Try it:
Give again, word for word, every line in the entries below from the line with "schedule a virtual" up to and including the line with "Что касается WIN", and no other line.

Given entries:
_ _ _ _ _

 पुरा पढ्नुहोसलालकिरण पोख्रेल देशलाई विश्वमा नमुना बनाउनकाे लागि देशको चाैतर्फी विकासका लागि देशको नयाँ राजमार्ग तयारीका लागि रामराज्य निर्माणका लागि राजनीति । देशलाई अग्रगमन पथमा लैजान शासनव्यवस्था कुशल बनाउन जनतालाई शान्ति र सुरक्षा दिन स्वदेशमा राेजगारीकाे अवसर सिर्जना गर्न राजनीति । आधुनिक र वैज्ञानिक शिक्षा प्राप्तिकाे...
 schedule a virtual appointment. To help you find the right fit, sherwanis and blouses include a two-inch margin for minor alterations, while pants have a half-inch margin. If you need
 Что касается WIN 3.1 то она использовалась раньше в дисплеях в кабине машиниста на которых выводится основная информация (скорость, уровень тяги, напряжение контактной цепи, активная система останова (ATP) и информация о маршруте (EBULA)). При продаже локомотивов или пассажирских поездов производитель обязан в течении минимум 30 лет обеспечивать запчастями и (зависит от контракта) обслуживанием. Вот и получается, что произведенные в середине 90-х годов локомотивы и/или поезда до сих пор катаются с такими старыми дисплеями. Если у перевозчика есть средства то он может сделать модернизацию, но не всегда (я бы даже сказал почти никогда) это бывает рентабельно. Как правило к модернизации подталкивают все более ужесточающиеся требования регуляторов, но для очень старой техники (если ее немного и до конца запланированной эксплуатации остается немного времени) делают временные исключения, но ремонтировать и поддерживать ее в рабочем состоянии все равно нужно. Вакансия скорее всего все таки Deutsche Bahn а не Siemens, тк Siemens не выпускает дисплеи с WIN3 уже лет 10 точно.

_ _ _ _ _

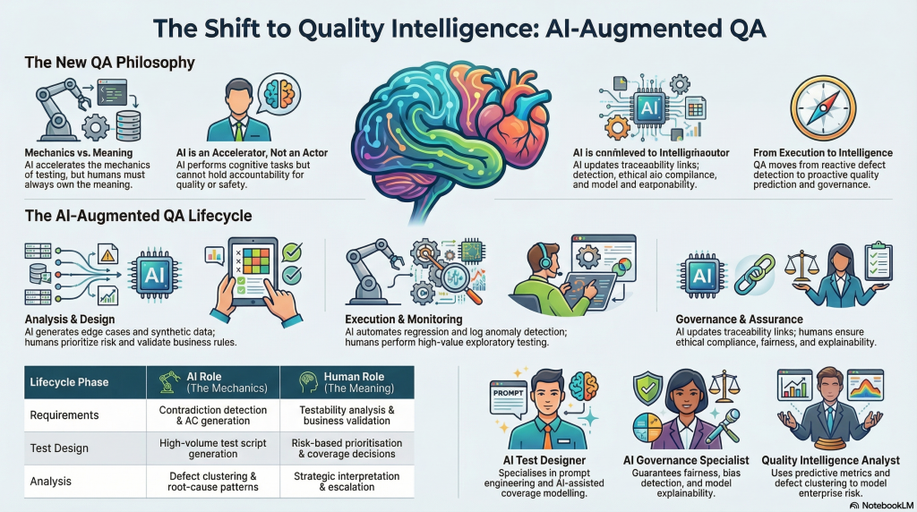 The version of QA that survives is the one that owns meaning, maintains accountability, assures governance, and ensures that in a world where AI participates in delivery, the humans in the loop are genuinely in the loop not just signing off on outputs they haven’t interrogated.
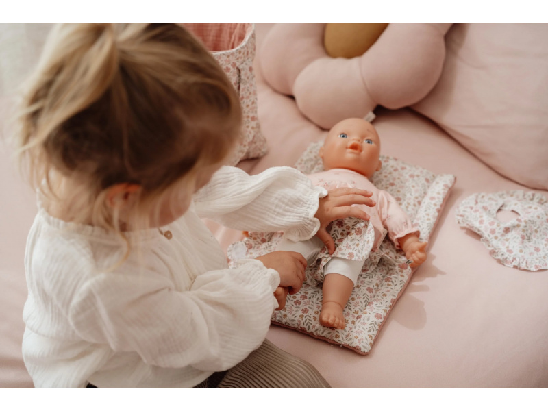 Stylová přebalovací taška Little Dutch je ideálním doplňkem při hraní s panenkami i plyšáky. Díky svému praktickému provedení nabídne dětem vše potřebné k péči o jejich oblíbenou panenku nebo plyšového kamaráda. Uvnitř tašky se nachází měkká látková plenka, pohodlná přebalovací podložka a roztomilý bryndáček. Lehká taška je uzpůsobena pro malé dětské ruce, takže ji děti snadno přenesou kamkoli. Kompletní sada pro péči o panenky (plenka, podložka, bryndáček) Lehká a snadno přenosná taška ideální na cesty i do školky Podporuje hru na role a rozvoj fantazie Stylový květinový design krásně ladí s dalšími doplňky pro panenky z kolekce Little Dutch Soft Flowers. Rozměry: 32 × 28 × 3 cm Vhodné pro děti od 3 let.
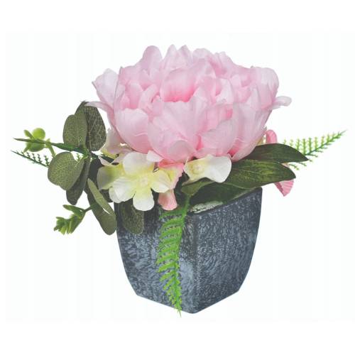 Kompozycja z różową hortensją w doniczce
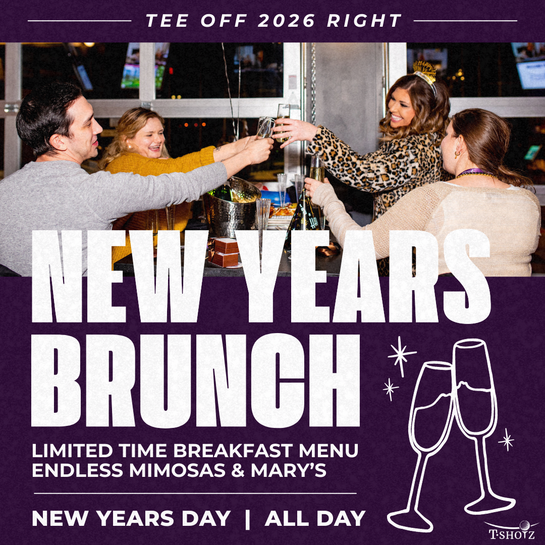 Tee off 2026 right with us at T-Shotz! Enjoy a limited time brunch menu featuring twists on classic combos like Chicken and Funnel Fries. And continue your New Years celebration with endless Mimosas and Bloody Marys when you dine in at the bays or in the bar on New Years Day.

_ _ _ _ _

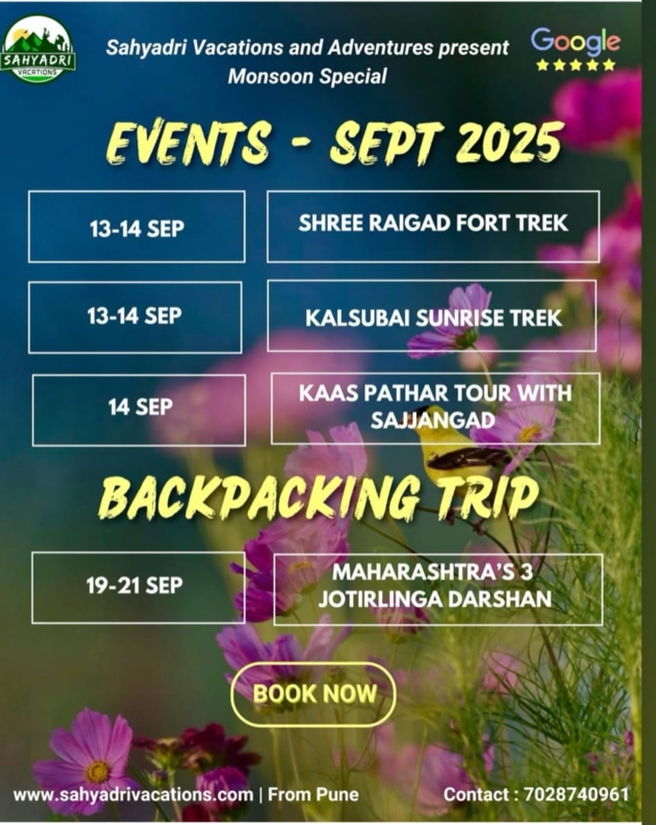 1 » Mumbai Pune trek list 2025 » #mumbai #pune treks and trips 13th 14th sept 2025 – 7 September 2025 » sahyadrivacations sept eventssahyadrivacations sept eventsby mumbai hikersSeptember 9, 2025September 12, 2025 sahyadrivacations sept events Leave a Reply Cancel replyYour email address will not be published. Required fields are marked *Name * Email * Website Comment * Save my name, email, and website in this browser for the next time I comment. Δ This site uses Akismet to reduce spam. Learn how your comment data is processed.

_ _ _ _ _

Written response:
 schedule a virtual appointment. To help you find the right fit, sherwanis and blouses include a two-inch margin for minor alterations, while pants have a half-inch margin. If you need
 Что касается WIN 3.1 то она использовалась раньше в дисплеях в кабине машиниста на которых выводится основная информация (скорость, уровень тяги, напряжение контактной цепи, активная система останова (ATP) и информация о маршруте (EBULA)). При продаже локомотивов или пассажирских поездов производитель обязан в течении минимум 30 лет обеспечивать запчастями и (зависит от контракта) обслуживанием. Вот и получается, что произведенные в середине 90-х годов локомотивы и/или поезда до сих пор катаются с такими старыми дисплеями. Если у перевозчика есть средства то он может сделать модернизацию, но не всегда (я бы даже сказал почти никогда) это бывает рентабельно. Как правило к модернизации подталкивают все более ужесточающиеся требования регуляторов, но для очень старой техники (если ее немного и до конца запланированной эксплуатации остается немного времени) делают временные исключения, но ремонтировать и поддерживать ее в рабочем состоянии все равно нужно. Вакансия скорее всего все таки Deutsche Bahn а не Siemens, тк Siemens не выпускает дисплеи с WIN3 уже лет 10 точно.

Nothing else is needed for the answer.